Month Flat Week Day
Friday, October 16, 2015 13:30 - 14:30
1 Hour
Title: Cellular Aspects of Lignin Biosynthesis in Xylem Vessels of Zinnia and Arabidopsis
Defendant: Henrik Srk
Opponent: Prof. Simon Hawkins, Department of Functional and Structural Glycobiology, University of Lille, France.
Time & Place: 16:th of October 2016, 13.30

Lignin is the second most abundant biopolymer on earth and is found in the xylem (wood) of vascular land plants. To transport the hydro-mineral sap, xylem forms specialized cells, called tracheary elements (TEs), which are hollow dead cylinders reinforced with lateral secondary cell walls (SCW). These SCWs incorporate lignin to gain mechanical strength, water impermeability and resistance against pathogens. The aim of this thesis is to understand the spatio-temporal deposition of lignin during TE differentiation and the relationship with its neighbouring cells. In vitro TE differentiating cell cultures of Zinnia elegans and Arabidopsis thaliana are ideal tools to study this process: cells differentiate simultaneously into 30-50% TEs while the rest remain parenchymatic (non-TEs). Live-cell imaging of such TEs indicated that lignification occurs after programmed cell death (PCD), in a non-cell autonomous manner, in which the non-TEs provide the lignin monomers.
This thesis confirms that lignification occurs and continues long after TE PCD in both in vitro TE cultures and whole plants. The cooperative supply of lignin monomers by the non-TEs was first demonstrated by using in vitro TE cultures and confirmed in whole plants by using lignin monomer synthesis gene mutants that exhibit a reduction in TE lignification. The XP specific complementation of these mutants led to nearly completely rescuing the TE lignin reduction of the mutants. Experiments with in vitro TE cultures further revealed that non-TEs supply reactive oxygen species (ROS) to TEs and that ROS are required for TE post-mortem lignification. Non-TEs exhibit further an enlarged nucleus with increased DNA content, thus indicating that non-TEs are in fact endoreplicated xylem parenchyma (XP) cells. Microscopic analysis of the spatial distribution of lignin in in vitro TE cultures and whole plants revealed that lignification is restricted to TE SCWs in both protoxylem and metaxylem. These specific lignin deposition domains were found to be established by phenoloxidases, i.e. laccases and peroxidases. Laccases were cell-autonomously produced by developing TEs, indicating that the deposition domains are defined before PCD.

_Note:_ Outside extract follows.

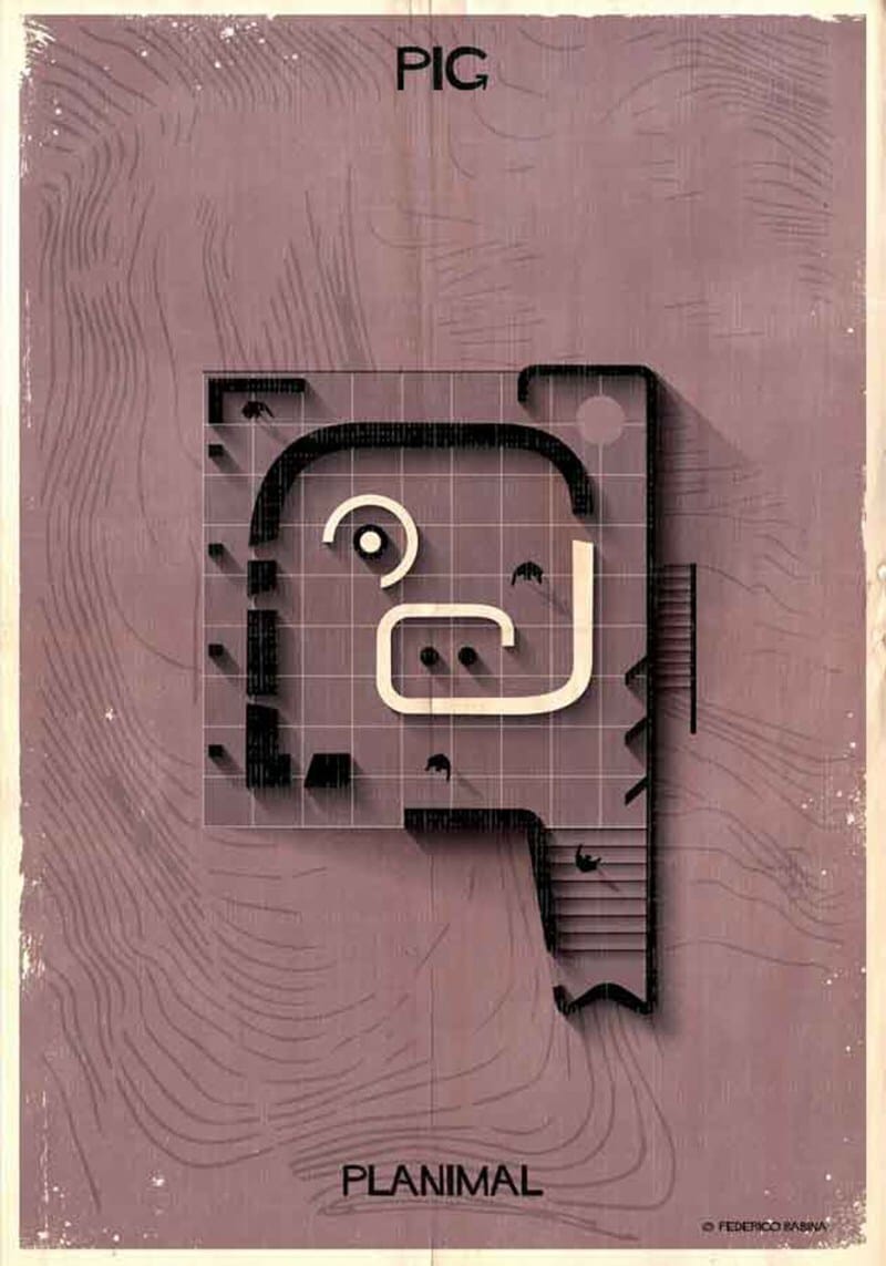 Combining animal faces with abstracted floorpans, Federico Babina has created a clever series he calls Planimals.
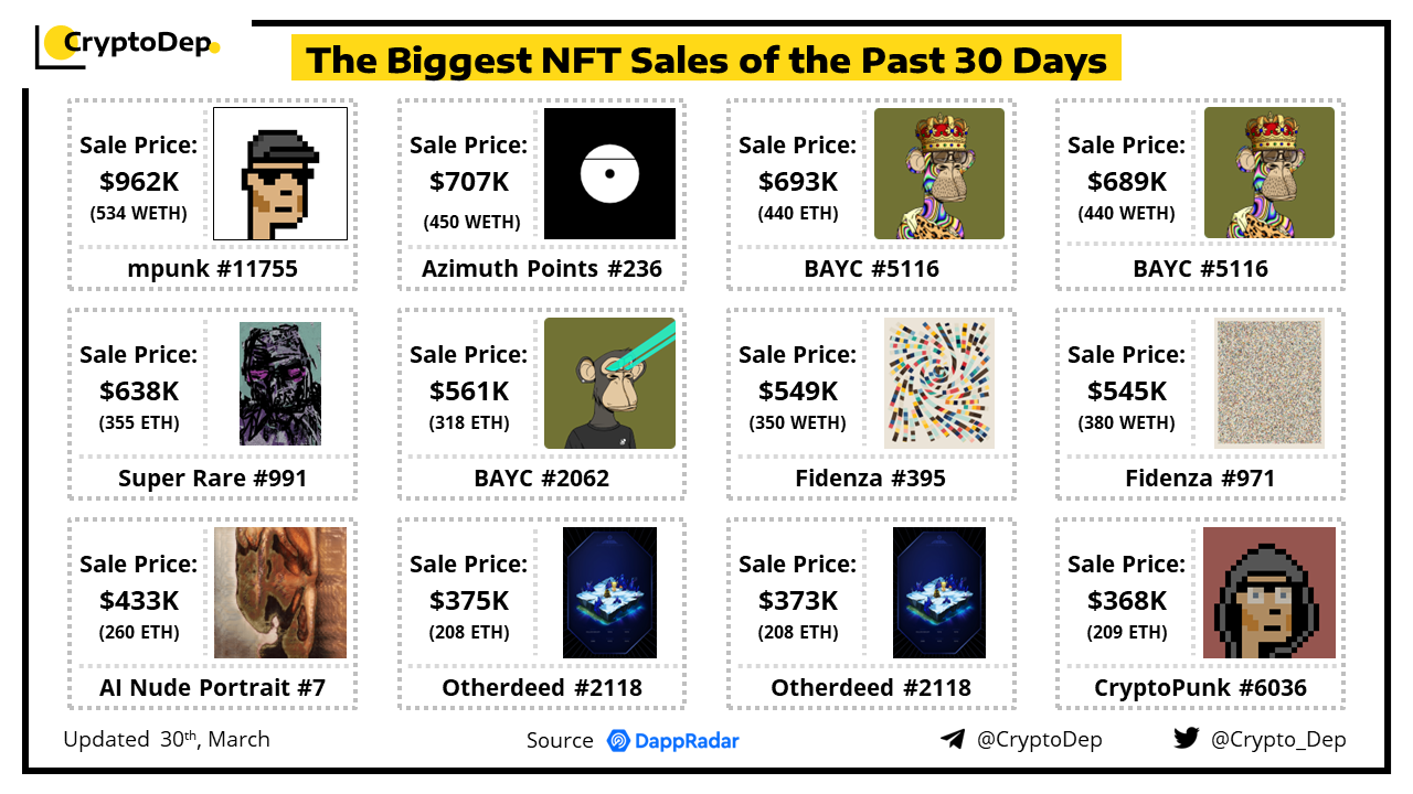 In this post, we highlight the largest Non-Fungible Token (NFT) sales that have occurred over the past month, delving into the details of each sale, including the specific NFT that was sold, and the price it fetched. Data from DappRadar.

Altogether, these results highlight that the hydro-mineral sap conduction through TEs is enabled by the spatially and temporally controlled lignification of the SCW. Lignification occurs post-mortem by the supply of monomers and ROS from neighboring XP cells and is restricted to specific deposition domains, defined by the pre-mortem production of phenoloxidases.